Column: Institutionalized racism must be combatted with education

Lindsey Ulrey

Institutionalized racism, also known as systemic racism, is the most important political problem that the United States is currently facing. It is imperative to look back at the history of racism, so we can better understand how to address the problem of institutionalized racism and find valid solutions to this distressing problem.

There are many reasons that historians, anthropologists and sociologists have cited as the reason that racism became a problem. Some argue that racism is an irrational response to difference which causes some people with white skin to have hateful attitudes to people with black skin which sometimes leads to violent and evil actions. Racism in the United States has been around since the 1400s, beginning when European settlers began colonizing America. Europeans, in their quest to “civilize” people, began taking slaves and treating people who looked different from them as inferior. The first victims of racism were the Native Americans that were murdered, mistreated and taken advantage of by European settlers. This beginning set a dangerous precedent that still affects our society today. Karl Marx, German philosopher and socialist revolutionary, argued in one of his most noted works called “Das Kapital” that racism is rooted in capitalism.

I think that we need to increase the efforts that we are already making to decrease institutionalized racism. The most notable efforts that we need to increase include spreading awareness and education on racism in our government, protests and forward-thinking policy. All these efforts are linked, and none can happen independently. I believe that one of the most important things that can be done is spreading awareness and education on institutionalized racism because if everyone learns the amplitude of the problem and learns to “check their privilege,” most people will feel urgency to create change. Many are already feeling this urgency, and the recent Black Lives Matter protests are proof of this. I believe that these protests are directly linked to the increase in awareness brought to the problem of institutionalized racism. Much of this awareness is brought through social media and the increase in pictures and videos taken when injustice occurs. Protests then cause policymakers in the United States to feel the pressure to affect change.

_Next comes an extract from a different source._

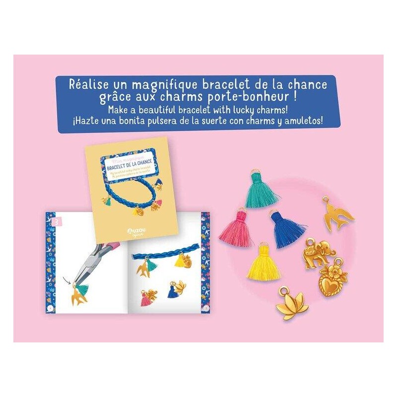 Zestaw Biżuteria DIY Kolorowe talizmany od Auzou. Zestaw zawiera wszystkie niezbędne akcesoria do stworzenia wspaniałej bransoletki z zawieszkami w postaci talizmanów szczęścia.

To create more forward-thinking policy that is just and fair for people of color, policy needs to focus on expressly addressing specific outcomes dependent on race and give components to diminish those aberrations. To diminish those aberrations policy should focus on increasing the access to public and private resources for people of color, improving the freedom for people of color to express themselves fully both culturally and spiritually, removing barriers for people of color to participate civically and people of color should be heavily involved in creating policy.